Because of such limitations, there is a risk that material misstatements may not be prevented or detected on a timely basis by internal control over financial
reporting. However, these inherent limitations are known features of the financial reporting process. Therefore, it is possible to design into the process
safeguards to reduce, though not eliminate, this risk.
Changes in Internal Control over Financial Reporting
There have been no significant changes in our internal control over financial reporting during the most recent fiscal quarter that have materially
affected, or are reasonably likely to materially affect, our internal control over financial reporting.
Attestation Report of Independent Registered Public Accounting Firm
REPORT OF INDEPENDENT REGISTERED PUBLIC ACCOUNTING FIRM
The Stockholders and Board of Directors
TiVo Inc.:
We have audited management's assessment, included in the Management Report on Internal Control over Financial Reporting, that TiVo Inc. and
subsidiaries (the "Company") maintained effective internal control over financial reporting as of January 31, 2005, based on criteria established in Internal
Control — Integrated Framework issued by the Committee of Sponsoring Organizations of the Treadway Commission (COSO).

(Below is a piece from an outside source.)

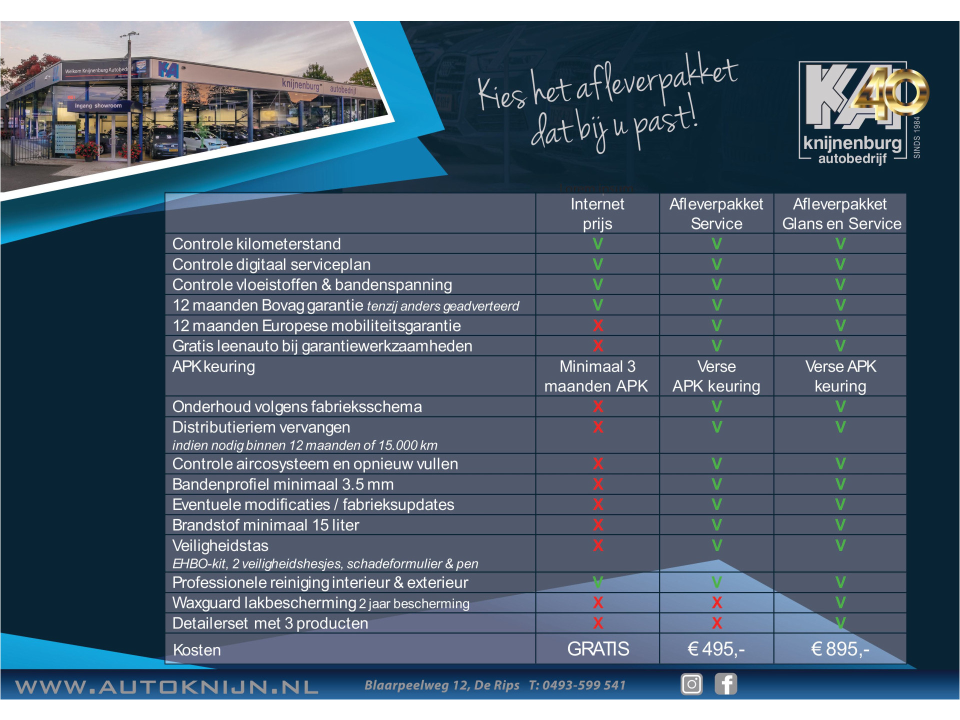 - AFLEVERPAKKET "SERVICE" € 495,- (optioneel)

The Company's management
is responsible for maintaining effective internal control over financial reporting and for its assessment of the effectiveness of internal control over financial
reporting. Our responsibility is to express an opinion on management's assessment and an opinion on the effectiveness of the Company's internal control over
financial reporting based on our audit.
We conducted our audit in accordance with the standards of the Public Company Accounting Oversight Board (United States). Those standards require
that we plan and perform the audit to obtain reasonable assurance about whether effective internal control over financial reporting was maintained in all
material respects. Our audit included obtaining an understanding of internal control over financial reporting, evaluating management's assessment, testing and
evaluating the design and operating effectiveness of internal control, and performing such other procedures as we considered necessary in the circumstances.

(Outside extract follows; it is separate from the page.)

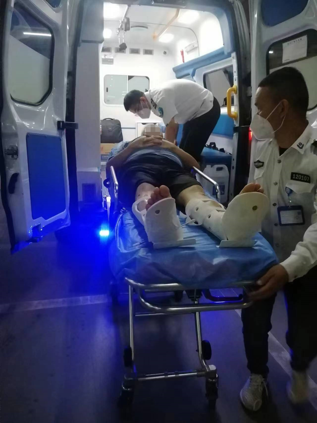 2023/7/4 0:20 陪同医生转移客户到救护车,将前往上海新华医院

We believe that our audit provides a reasonable basis for our opinion. A company's internal control over financial reporting is a process designed to provide
reasonable assurance regarding the reliability of financial reporting and the preparation of financial statements for external purposes in accordance with
generally accepted accounting principles. A company's internal control over financial reporting includes those policies and procedures that (1) pertain to the
maintenance of records that, in reasonable detail, accurately and fairly reflect the transactions and dispositions of the assets of the company; (2) provide
reasonable assurance that transactions are recorded as necessary to permit preparation of financial statements in accordance with generally accepted
accounting principles, and that receipts and expenditures of the company are being made only in accordance with authorizations of management and directors
of the company; and (3) provide reasonable assurance regarding prevention or timely detection of unauthorized acquisition, use, or disposition of the
company's assets that could have a material effect on the financial statements.

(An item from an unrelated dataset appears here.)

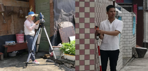 五个老师经过简单的仪器培训和测绘步骤培训,即分成两组进行测量生产实践。实践内容是利用全站仪对农村房屋及其周边15m内的地形进行坐标采集,利用cass软件进行图形绘制成果。

Because of its inherent limitations, internal control over financial reporting may not prevent or detect misstatements. Also, projections of any evaluation
of effectiveness to future periods are subject to the risk that controls may become inadequate because of changes in conditions, or that the degree of
compliance with the policies or procedures may deteriorate.
In our opinion, management's assessment that TiVo Inc. maintained effective internal control over financial reporting as of January 31, 2005, is fairly
stated, in all material respects, based on criteria established in Internal Control — Integrated Framework issued by COSO. Also, in our opinion, TiVo Inc.
maintained, in all material respects, effective internal control over financial reporting as of January 31, 2005, based on criteria established in Internal Control
— Integrated Framework issued by COSO.